Your organization’s most expensive datasets might be the ones you aren’t even buying
The Rising Importance of Data in Business Decisions
Data is increasingly showing up as an ingredient in every part of your business. Whether it’s making a decision on where to open a new store, calculating the value of a potential customer, or running an analysis on whether to make a multi-billion dollar investment, having the right data is crucial. As the demand for unique data increases, the overall data budgets at firms are feeling significant upward pressure. Despite this, many firms are seeing an even greater cost resulting from the data they aren’t even buying. How is this possible?
Data Productionization: Understanding the Costs
Productionizing data in a business process has many costs, only one of which is the cost of the data itself. The journey from business need to productionized data solution is a long one.
Steps to Convert Business Needs to Data Solutions
Once the need is identified, you must embark on a multi-step process, including sourcing potential datasets, filling out NDAs or trial agreements to begin testing, assigning data engineers to build ingestion pipelines, assigning data scientists to build test models, negotiating and signing purchase agreements and building production pipelines and models. This all happens before you can begin making decisions or building your product feature. The cost of wages and computing can oftentimes dwarf the cost of the actual data.

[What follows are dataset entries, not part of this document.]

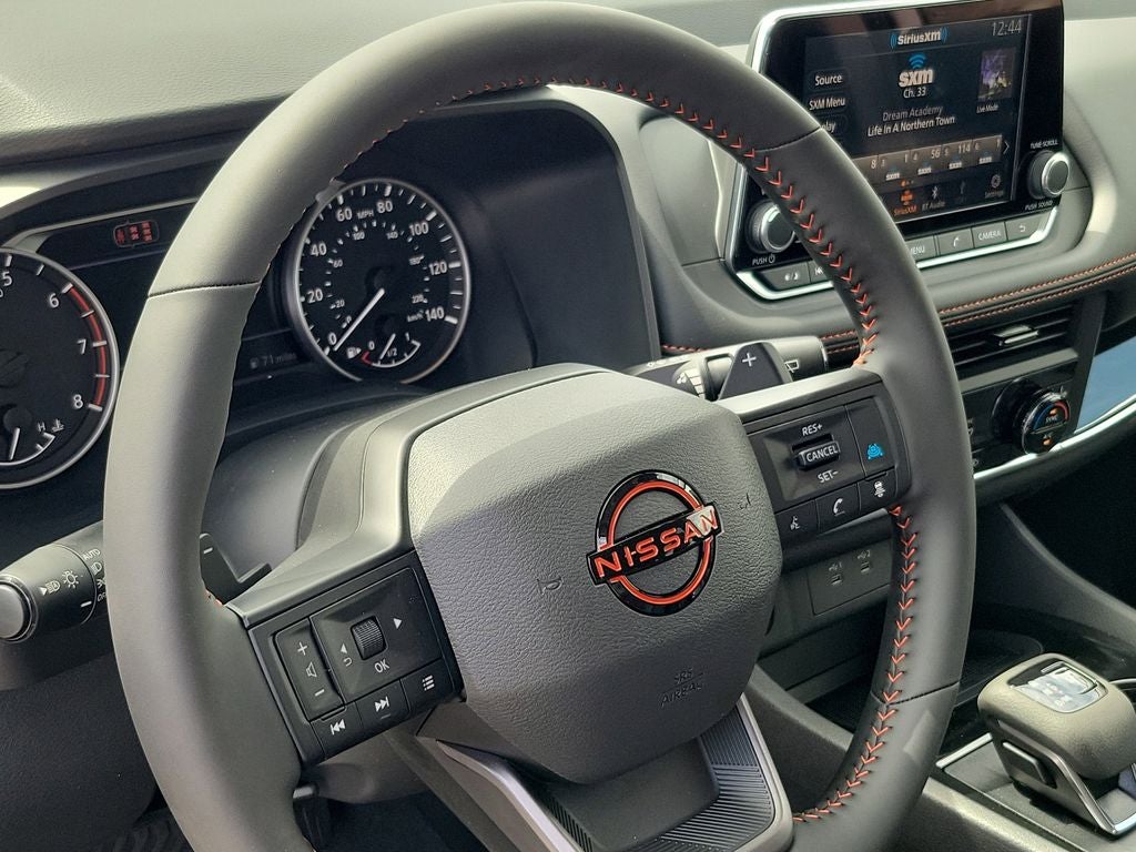 4-Wheel Disc Brakes, 6 Speakers, ABS brakes, Air Conditioning, Alloy wheels, AM/FM radio, Apple CarPlay/Android Auto, Auto High-beam Headlights, Automatic temperature control, Black Splash Guards (set of 4), Brake assist, Delay-off headlights, Driver door bin, Driver vanity mirror, Dual front impact airbags, Dual front side impact airbags, Electronic Stability Control, Emergency communication system: NissanConnect Services, Four wheel independent suspension, Front anti-roll bar, Front Bucket Seats, Front Center Armrest, Front dual zone A/C, Front reading lights, Fully automatic headlights, Heated door mirrors, Heated Front Bucket Seats, Heated front seats, Illuminated entry, Knee airbag, Leatherette and Ballistic Nylon Seating, Low tire pressure warning, Occupant sensing airbag, Outside temperature display, Overhead airbag, Overhead console, Panic alarm, Passenger door bin, Passenger vanity mirror, Power door mirrors, Power driver seat, Power Liftgate, Power steering, Power windows, Premium Paint, Radio data system, Radio: AM/FM NissanConnect, Rear anti-roll bar, Rear Parking Sensors, Rear seat center armrest, Rear side impact airbag, Rear window defroster, Rear window wiper, Remote keyless entry, Roof rack, Speed control, Speed-sensing steering, Speed-Sensitive Wipers, Split folding rear seat, Spoiler, Steering wheel mounted audio controls, Tachometer, Telescoping steering wheel, Tilt steering wheel, Traction control, Trip computer, Variably intermittent wipers, and Wheels: 17 Dark Painted Alloy.
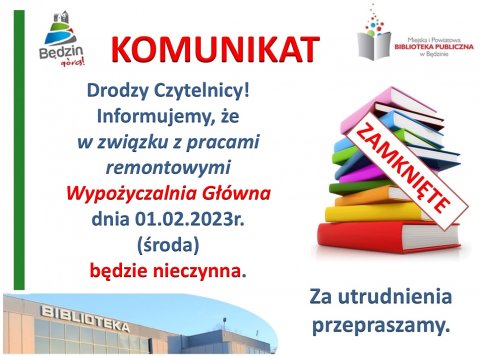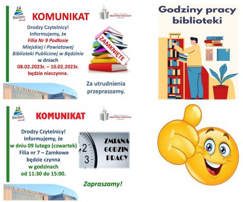 8 LUT Komunikat dot. zmiany godzin otwarcia Biblioteki Drodzy Czytelnicy! Informujemy, że Filia Nr 9 Podłosie Miejskiej i Powiatowej Biblioteki Publicznej w Będzinie w dniach od 08.02.2023r. do 10.02.2023r. będzie....
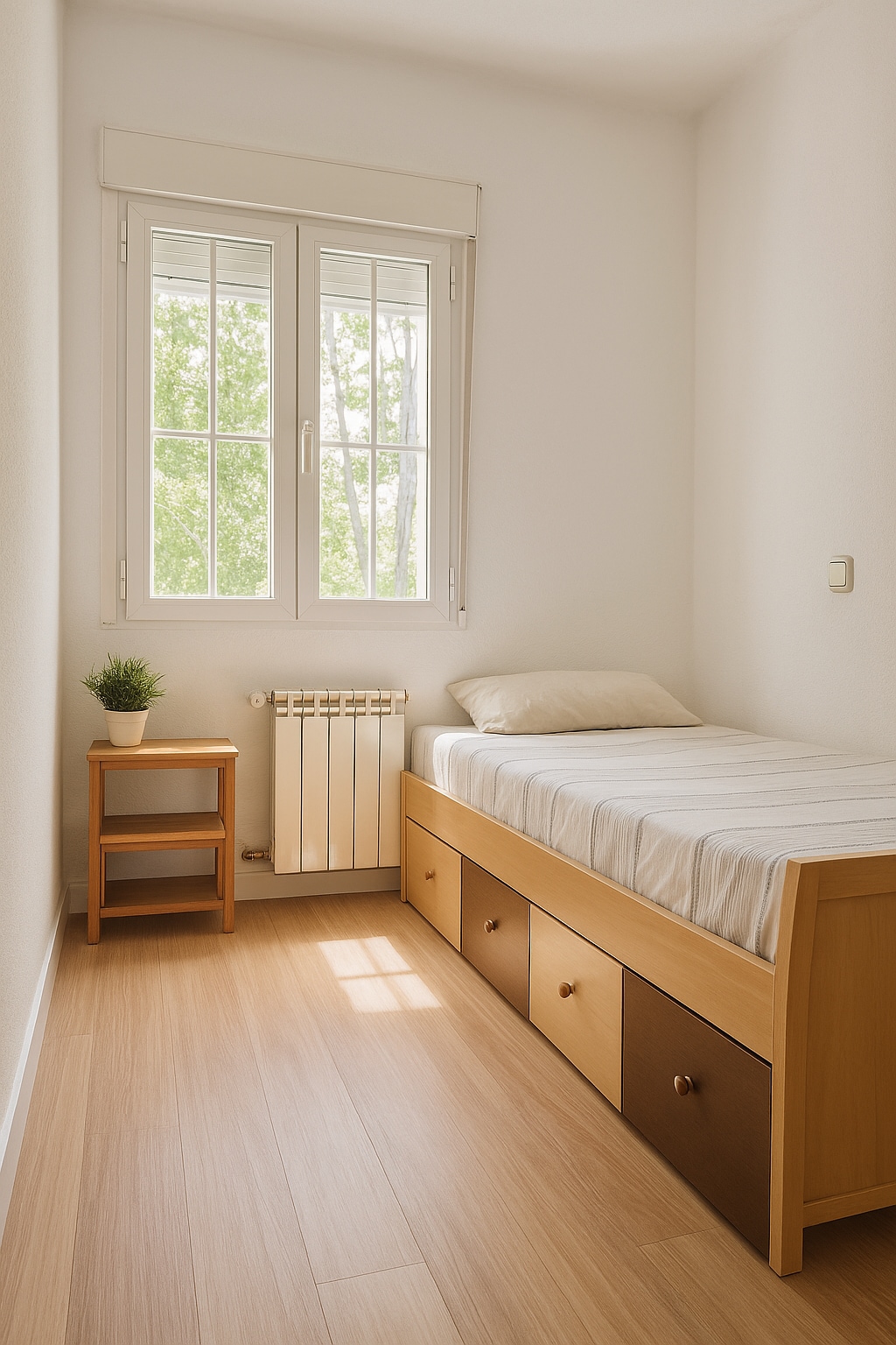 - 1 habitación con 1 cama de matrimonio 150x200 cm y 1 sofácama en el salón de 160x240 cm - A 15 min del aeropuerto conduciendo. - Acceso a Madrid central en Metro: Parada "Hospital Infanta Sofía". Línea 10. a 5 min caminando o RENFE: Parada "Alcobendas S. S. de los Reyes". Linea C-4. a 20 min caminando - Aire acondicionado y climatizador centralizado. - Smart TV - Portero 24h / 7 días. Recogida y entrega de llaves en portería. Muy flexible. - Plaza de garaje cubierta - Lavadora

The Oversight in Business Leaders' Data Strategy
Many business leaders have already included all these additional data costs as a cost of doing business. What business leaders haven’t accounted for is going through all the previously mentioned steps for a dataset that the firm has already evaluated. Many firms don’t document the datasets they are already purchasing. What almost all firms we’ve spoken to don’t document at all is the data teams evaluated and chose not to purchase.

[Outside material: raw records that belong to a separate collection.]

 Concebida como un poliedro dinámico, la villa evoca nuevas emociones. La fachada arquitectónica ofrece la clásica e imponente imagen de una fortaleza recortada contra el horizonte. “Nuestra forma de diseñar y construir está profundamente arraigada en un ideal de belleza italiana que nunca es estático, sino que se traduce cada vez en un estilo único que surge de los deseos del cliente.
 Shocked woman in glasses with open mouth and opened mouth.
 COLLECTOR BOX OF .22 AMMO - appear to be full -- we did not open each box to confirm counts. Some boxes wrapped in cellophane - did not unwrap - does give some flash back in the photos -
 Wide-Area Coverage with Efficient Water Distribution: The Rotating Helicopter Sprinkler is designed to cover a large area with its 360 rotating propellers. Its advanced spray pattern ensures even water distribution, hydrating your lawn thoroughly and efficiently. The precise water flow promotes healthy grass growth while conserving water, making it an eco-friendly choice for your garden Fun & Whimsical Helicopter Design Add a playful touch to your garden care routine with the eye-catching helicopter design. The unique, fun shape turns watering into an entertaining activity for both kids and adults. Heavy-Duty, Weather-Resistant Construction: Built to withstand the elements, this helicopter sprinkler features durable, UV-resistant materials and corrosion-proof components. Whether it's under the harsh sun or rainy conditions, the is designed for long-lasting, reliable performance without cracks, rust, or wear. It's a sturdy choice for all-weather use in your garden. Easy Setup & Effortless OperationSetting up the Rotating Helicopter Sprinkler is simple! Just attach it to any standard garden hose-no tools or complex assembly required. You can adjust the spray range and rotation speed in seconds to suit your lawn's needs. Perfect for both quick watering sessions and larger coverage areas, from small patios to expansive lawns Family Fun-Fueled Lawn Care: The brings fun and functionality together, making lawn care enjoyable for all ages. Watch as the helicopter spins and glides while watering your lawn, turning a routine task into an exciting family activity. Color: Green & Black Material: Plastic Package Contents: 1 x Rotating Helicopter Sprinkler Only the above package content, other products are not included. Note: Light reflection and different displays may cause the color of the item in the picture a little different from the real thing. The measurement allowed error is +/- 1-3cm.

The Consequences of Duplicate Data Evaluation
At Nomad Data we speak to data leaders across a multitude of industries. What we’ve heard from our clients again and again is that they oftentimes find out they’ve had multiple teams go through all the data discovery and testing steps, but then decided against purchasing data because of an underlying issue with it. These teams have no knowledge of the firm’s previous testing history and have ultimately wasted thousands of employee hours testing and retesting the same datasets over and over. In the most extreme situation, we’ve seen firms the same data over and over with no knowledge of purchases elsewhere in the organization.
Wasted Efforts & Resources
The result of all this testing and retesting of data is that some of the lowest quality data, which isn’t even being purchased, ends up creating the largest cost to the organization. Typically, your cost for a dataset you purchase is bounded. With data you aren’t purchasing, but testing over and over, the costs are uncapped. This duplicate effort ends up wasting the efforts of engineers, data scientists, lawyers and businesses stakeholders. It also comes with significant compute costs to house, transform and analyze the data repeatedly.

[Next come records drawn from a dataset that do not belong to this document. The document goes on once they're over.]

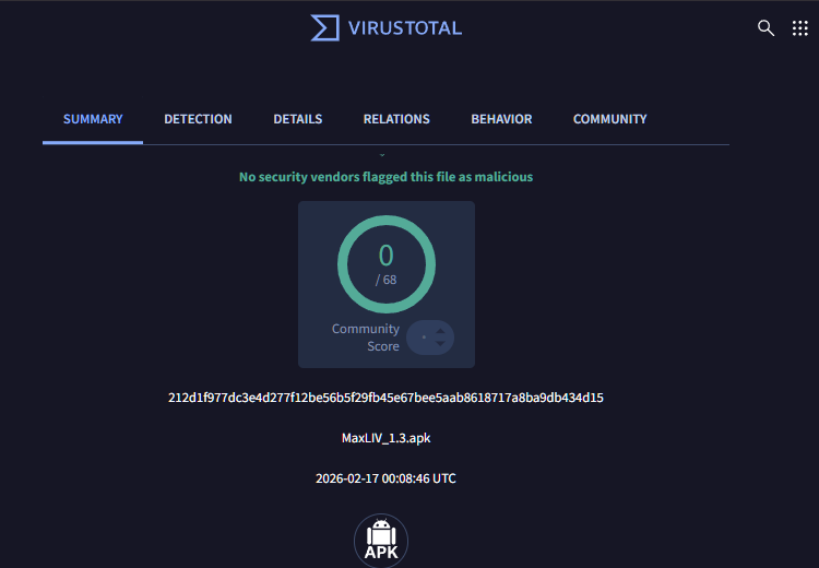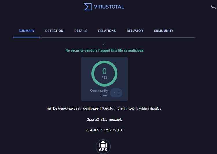 Το SportzX apk θεωρείται απόλυτα ασφαλές και αυτό το επιβεβαιώνει και το VirusTotal όπως παρατηρούμε στο κάτωθι στιγμιότυπο.
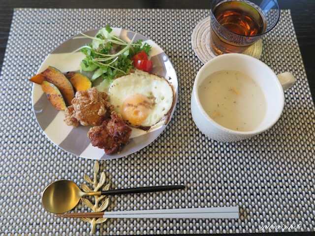 鶏のから揚げ(惣菜)、目玉焼き、かぼちゃのソテー、フリルレタス&トマト&かいわれ菜、クラムチャウダー
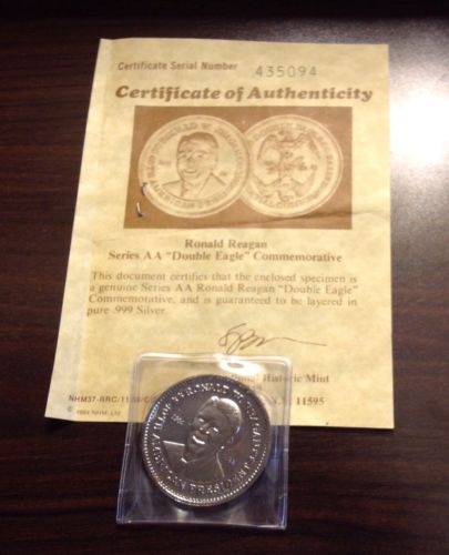 Title (ebay affiliate link): 1984 Ronald Reagan Series AA Double Eagle Commemorative Coin - w/COA

The Impact on Return on Investment for Data
This waste is especially present in data categories growing the most with new data providers frequently coming to market. As more and more providers enter a market, an evaluation takes more time, effort and expense as teams have to look at more data and deal with more paperwork. This has the effect of further compressing the useful data budget and negatively pressuring the return on investment for data within the firm.
Data Relationship Management (DRM): An Introduction
The solution to this problem is Data Relationship Management(DRM). A DRM software platform ties together the efforts of all stakeholders in an organization around their data. A DRM catalogs every data provider the firm has interacted with, not only those it purchases from. Whether it’s legal paperwork, documentation, purchase contracts, meeting notes, test results or production issues and observations, the information is available for all stakeholders, at all times.
The Benefits of DRM
With properly implemented DRM software, there’s no chance of repurchasing or even retesting the same data. Stakeholders immediately see the history of all the firm’s dealings with a data provider and its products. A team beginning a test can see the results of previous tests and get in contact with the internal stakeholders who are already up to speed.
The Multiplier Effect on Your Data Business
Beyond saving time, a DRM frees up a significant budget that can be spent on the data your firm actually wants to purchase to grow the business and reduce costs. Due to this, the investment in a DRM has a multiplier effect on your data business.
Data Budget Efficiency: Its Importance For Your Business
As data continues to become an increasingly important raw material to businesses, tracking its use and waste will be a necessity. Very few businesses have a data budget large enough to buy everything they’d like. By reducing wasted spending, organizations will be able to stretch their data budgets further, likely to the benefit of the organization. This benefit is more likely to result in larger budgets over time as the return on investment will continue to strengthen. Like in any other area of business, those that spend efficiently will drive outsized returns versus those that do not.